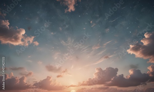 © Teddy, Naklejka premium Faded retro sky, distressed paper texture, wispy clouds, twinkling stars , cosmos, celestial, aged
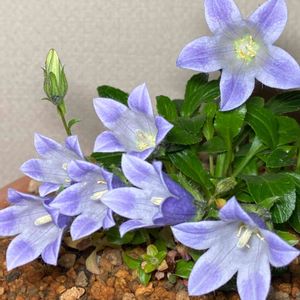 我が家のカンパニュラ 3 campanula chamissonis 千島桔梗 暖地のためか4月後半で開花する 艶やかな葉と淡紫色の花が美しい
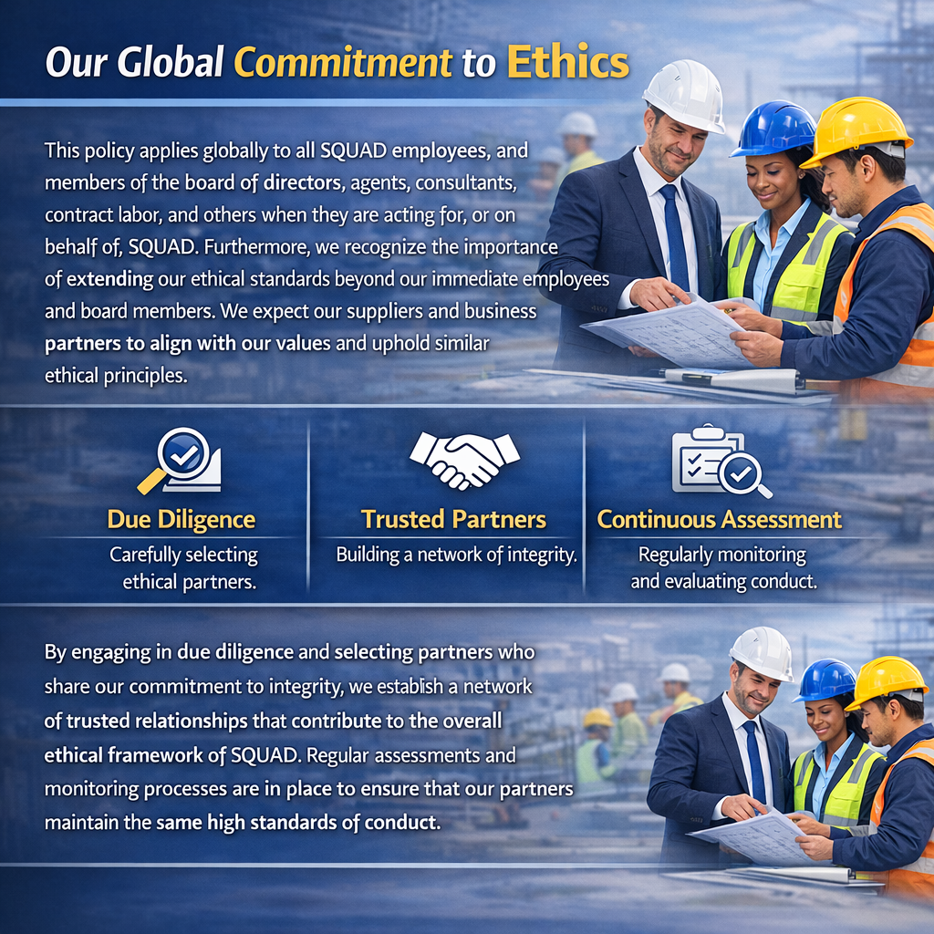 To ensure continued compliance, SQUAD implements periodic assessments and monitoring mechanisms to verify that partners and associated entities maintain the same high standards of ethical and professional behavior.

- Work instructions: All of the data above should be transcribed verbatim, with pictures omitted.

- Answer space:
 © Teddy, Naklejka premium Faded retro sky, distressed paper texture, wispy clouds, twinkling stars , cosmos, celestial, aged
 我が家のカンパニュラ 3 campanula chamissonis 千島桔梗 暖地のためか4月後半で開花する 艶やかな葉と淡紫色の花が美しい
 To ensure continued compliance, SQUAD implements periodic assessments and monitoring mechanisms to verify that partners and associated entities maintain the same high standards of ethical and professional behavior.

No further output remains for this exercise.